Wir haben uns in dieses Land verliebt. Und auch in die Menschen. Sie sind alle so nett und lächeln, spätestens auf jeden Fall wenn man sie anlächelt. Die Wildcamping-Plätze werden hier immer schwieriger. Wir finden zwar immer wirklich schöne Plätze, aber erst später kommen kleine Widrigkeiten zum Vorschein. Ob es Straßenhunde nachts am Zelt sind, oder die Straße doch befahrener ist wie es anfangs schien. Auch die Höhenmeter nehmen immer mehr zu.

Am Besten war die Begegnung mit Sebastian und Hanna!
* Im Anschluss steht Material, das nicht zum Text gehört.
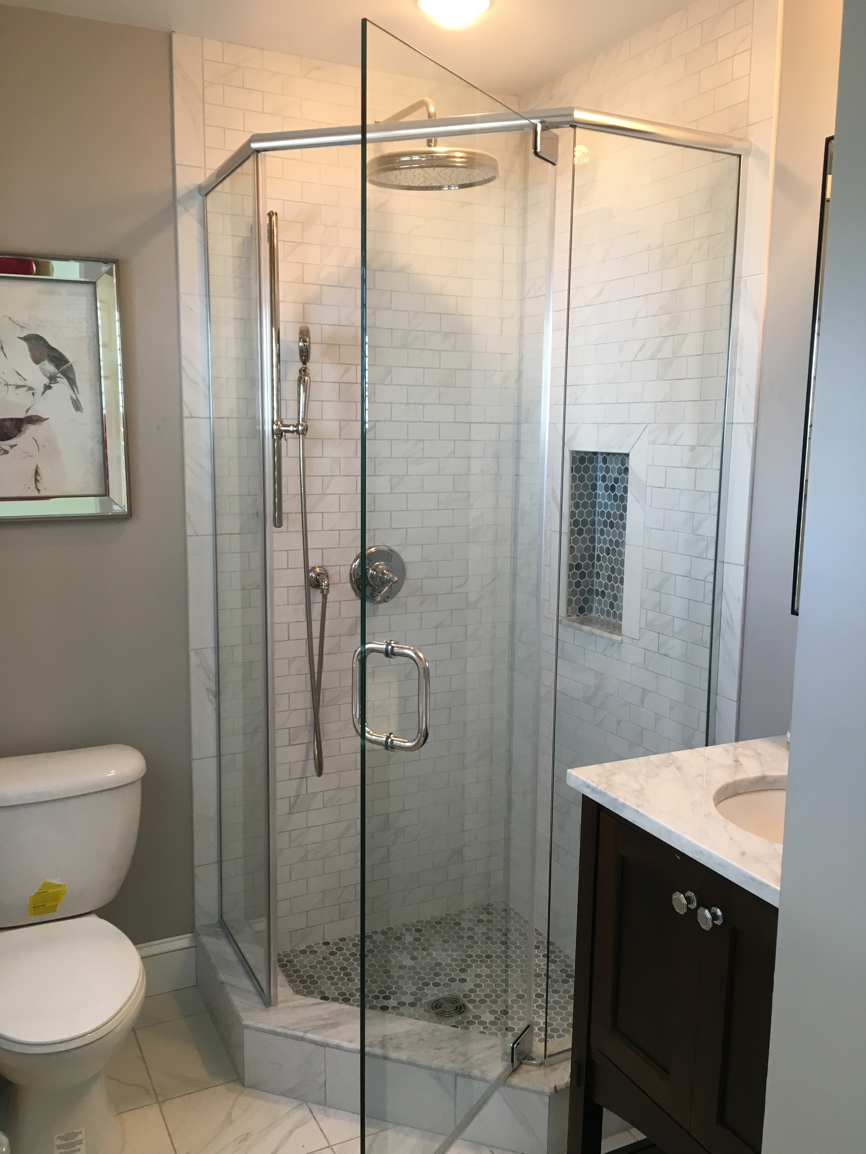 neoangle Published January 23, 2018 at 3024 × 4032 Neo-angle “frameless” shower enclosure with 3/8″ clear glass.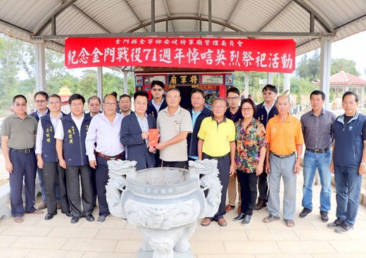 金寧鄉安岐「將軍廟」神誕祭祀日,為每年的農曆九月初三,將軍廟管理委員會於昨(19)日舉行「紀念金門戰役71週年悼唁英烈祭祀活動」,金門縣議會議長洪允典率領議員與議會主管前往參拜,悼念當年因古寧頭戰役身亡的英勇將士,表達敬意並祈求兩岸和平共處、人民安居樂業! 議長洪允典昨日下午偕同議員楊永立、王碧珍、陳志龍,在議會秘書長陳建興、議事主任陳勵志、法制主任吳鎔銘、總務主任王垣坤、會計主任汪秋明及人事管理員翁文明、秘書陳成勇等人陪同下,前往位於安岐的將軍廟秉著虔誠的心,遵循祭拜儀式向因戰役壯烈犧牲的將士上香,並向英勇將士靈位行三鞠躬禮,表達崇高的敬意,場面莊嚴肅穆。 議會表示,民國三十八年古寧頭登陸戰從安岐附近海灘拉開序幕,當時駐守在安岐村外的部隊守軍首當其衝,村民為感念在此戰役中壯烈成仁的戰士們,讓戰亡的英靈有一葬身處所與祈求地方安定,乃在其殉職處建廟曰將軍廟,奉祀鎮國將軍之英靈,當地居民每逢農曆九月初三也都會準備祭品到將軍廟祭祀參拜致敬,悼念其犧牲奉獻的精神。

Bei den beiden durften wir eine Nacht bleiben, haben abends zusammen gegessen, Wein getrunken und viel geredet und gelacht.

Der nächste Tag war dafür etwas anstrengender: Aus Resita (dt. Reschitz) mussten wir erstmal ordentlich Höhenmeter unter die Pedale nehmen. Nachmittags kam noch der Gegenwind dazu. Als es flach wurde, hatten wir keine Chance, einen Schlafplatz zu finden. Ein paar Nonnen wurden uns quasi vom Himmel geschickt. Wir durften auf der Wiese vor der Einsiedelei unser Zelt aufstellen. Am nächsten Morgen gings dann nach Serbien....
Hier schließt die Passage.